An internal memo from Verizon to its employees has leaked to the Web, revealing that the company justified its cooperation with the National Security Agency based on the terms of the government's court order.

Verizon's executive vice president and general counsel, Randy Milch, didn't confirm whether documents obtained by The Guardian were legitimate. But he did say that if Verizon did receive such an order, it would be "required" to comply.

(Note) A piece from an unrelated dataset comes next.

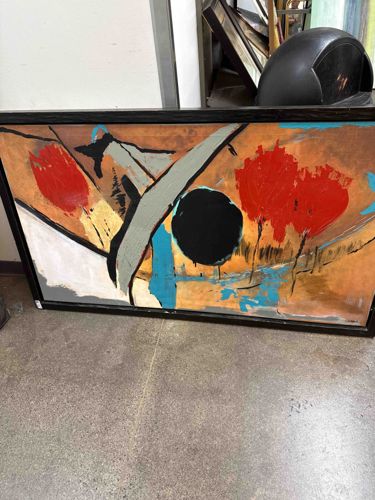 This item is a large-format abstract expressionist painting on canvas, signed by the artist C. Carlier in the lower right corner. The composition features a bold, mid-century modern aesthetic characterized by organic and geometric shapes. Dominant colors include vibrant red masses resembling floral forms or trees, a central solid black orb, and various swatches of turquoise, ochre, grey, and white. The application of paint appears both thick and gestural, with visible brushstrokes and impasto techniques that provide a textured surface. The piece is housed in a simple, linear black wooden frame that suggests a late 20th-century origin. The artwork exhibits several angular black lines that create a sense of movement across the horizontal plane. While the central focus is non-representational, the arrangement suggests a stylized landscape or celestial scene. The condition appears to be generally good, though there is a small white tag or sticker on the lower left of the frame edge, possibly an auction or inventory marker. The craftsmanship reflects a confident use of color theory and balanced negative space typical of 1960s or 1970s interior-focused fine art.
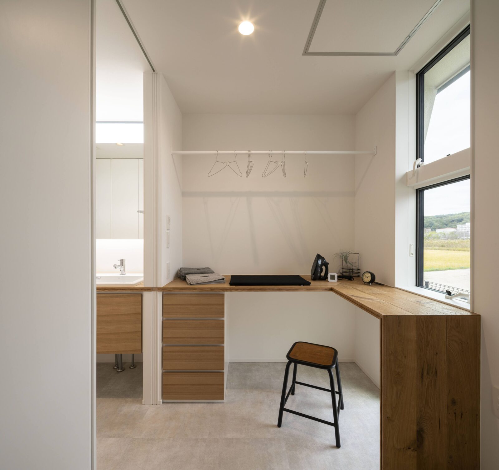 場合によってはランドリールームを設けると、洗濯から収納、アイロンがけまで行えますね!

Here's the thing. The whole "required" business is a bit of a technicality. Verizon is "required" to hand over cell-phone metadata only if it doesn't choose its other option, which is to fight the order in court. This option — what Marc Rotenberg, executive director of the Electronic Privacy Information Center, calls "adversarial proceedings" —  is a form of legal recourse that anyone who's served with a subpoena has access to.
If Verizon had objections to the NSA's request for user data, it could have raised them. Maybe the company did, maybe it didn't; every subpoena that comes through the Foreign Intelligence Surveillance Court also contains a gag order prohibiting the recipient from discussing the affair. That means even if Verizon had tried to challenge the request, we still wouldn't know. Verizon could be dying to tell us it tried to resist.
Is that likely? Probably not. The surveillance program, according to the very senators in Congress who approved it, stretches back to 2006. If Verizon had fought it, it must have been a short battle. 

Verizon also was the only company to get zero stars on the Electronic Frontier Foundation's ranking of companies according to their privacy record.


Nor does Verizon have much incentive to push back. Under the Foreign Intelligence Surveillance Act, companies that cooperate with government investigations get liability protection for doing so. Handing over metadata that the feds request for "national security" purposes gives companies vital cover.

"You're pretty much relying on the counsel of the company receiving the order to raise objections if there are any," said Rotenberg, who added that he was shocked when he read the court order. "I helped write the Electronic Communications Privacy Act," he added, "and I never imagined the FISA court" would go to such lengths.

A Verizon spokesperson declined to comment.